Cornbury finale feels too soon with impressive mix of old and new

Cornbury 2017 review

By Hayley Edwards | Published: Tue 11th Jul 2017

Cornbury Music Festival 2017 - Around the Site
Photo credit: Hayley Edwards

Cornbury Music Festival 2017

Friday 7th to Sunday 9th July 2017
The Great Tew Estate, Chipping Norton, Oxfordshire, OX7 4AF, England MAP
£200 with camping, day tickets also available
Daily capacity: 20,000

Here it is. The Fabulous Finale. Cornbury is finishing. After 14 years, the glorious Pleasant Valley stage is being packed down for the final time, the flags are being wrapped up and the remainder of the Champagne is being poured down the drain.

Three beautiful days of sunshine resulted in lots of burnt faces but nothing could wipe the joy of the thousands of people enjoying the final installation of an Oxfordshire institution.

Headed to “Poshstock,” this year saw David Cameron, Dom Jolly, Jemima Khan and Millie Mackintosh enjoying the sun and the live music. For the final year, Hugh Phillimore recruited some of the festival favourites such as Imelda May and Stax along with introducing some new faces into the fold which included headliners Kaiser Chiefs and Bryan Adams.


First up on the final installment of Cornbury was Wild Front. An exciting young band from Southampton. Hot from Glastonbury and the Isle of Wight Festivals, they had a bright, modern guitar led sound creating positive vibes. Since moving to the USA 7 years ago to follow her dream of a recording contract, Callaghan has moved around the Country releasing 2 albums. Lovely voice with a hint of Country, Callaghan is very pleasant to listen too.

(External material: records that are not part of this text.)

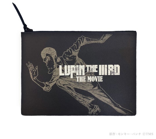 『LUPIN THE IIIRD THE MOVIE 不死身の血族』に使用されるビジュアルをプリントした牛革レザーポーチ。高級スポーツカーに使用されているレザーのアップサイクルコレクション牛革を使用。
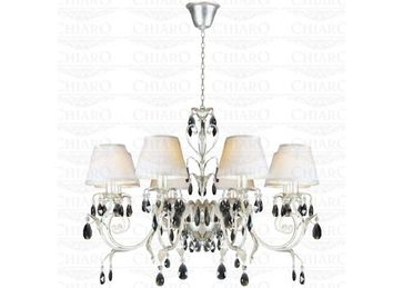 Материал арматуры:Металл, Материал плафона:Текстиль, Цвет арматуры:Хром, Цвет плафона:Белый, Ширина (Диаметр), см:80, Высота, см:97, Площадь освещения, м.кв.:24, Количество ламп, шт:8, Тип цоколя:E14, Мощность, Вт:60W, Дополнительная информация:Мнталлическое основание покрыто сусальным серебром. Хрустальные декоративные подвески None
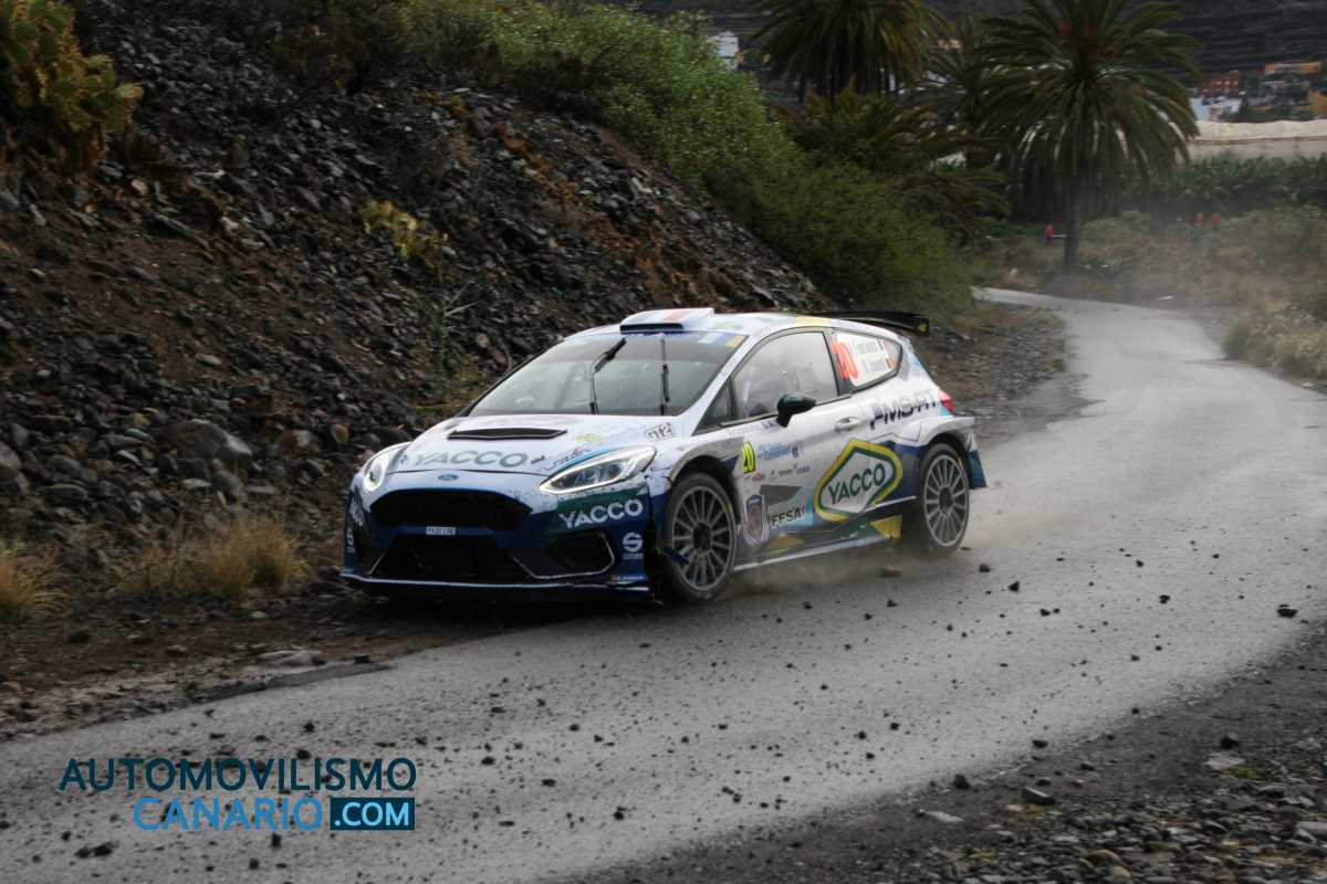 Los galos Adrien Fourmaux y Renaud Jamoul (Ford Fiesta R5 MKII) son los sorpresivos líderes del 44 Rally Islas Canarias tras la disputa de los cuatro primeros tramos cronometrados de la mañana de este sábado, los de ‘Valleseco-DISA’ (14,17 km), ‘Gáldar’ (12,4 km), ‘Moya’ (12,63 km) y ‘Arucas’ (11,85 km).
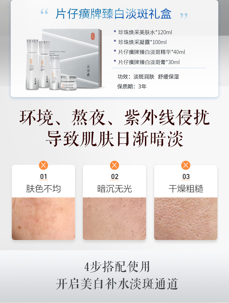片仔癀牌臻白淡斑礼盒4件套(亮肤水+凝露+精华液+臻白膏)
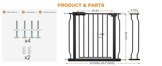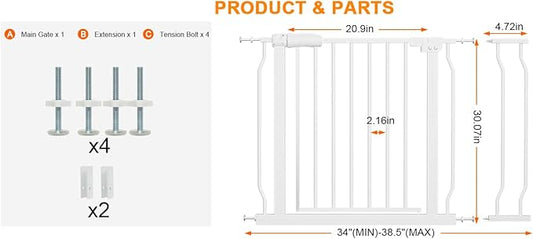 Wide Baby Gate for Stairs Doorways 30" Tall 34 to 38.5 Inch Wide Pressure Mounted Baby Gate Walk Through Child Gates for Kids or Pets Indoor Safety Gates

Laura Oakes came away from your traditional Country into her own interpretation, backed with a strong voice and great songs. Folk inspired Keston Cobblers Club created beautiful harmonies. An incredibly in sync band, no surprising that there are siblings in the group, they created a great atmosphere on the Pleasant Valley stage on Friday afternoon.

Fresh from recording their latest album with the legend who is Paul Weller, Stone Foundation have a wonderful soul inspired sound, much in their mentor’s style.  Hailing from Birmingham, Alabama, St Paul & the Broken Bones have opened for the Rolling Stones. Led by charismatic frontman Janewai, he possess a wonderful soul voice. Though his movements around stage can be slightly off-putting when trying to enjoy the music. Lee Fields & the Expressions reminded me of James Brown, Fields had as strong a voice as personality. He pumped out a great mix of soul and funk to get Cornbury dancing, backed by an on point band. 

Stone Foundation

Cornbury favourite and all round gem, Jack Savoretti popped over his garden fence to perform one last time at Cornbury. Third appearance for Savoretti was probably his best as his new found confidence shone out as the sun went down. Strong vocally, he always gives the impression that he just loves what he does. Sophie Ellis Bextor is a solid act to have on any Festival line-up. You get what is says on the tin. Fun, poppy and bright - Bextor wore the name of her new album on her bum - everyone loves a bit of self promotion.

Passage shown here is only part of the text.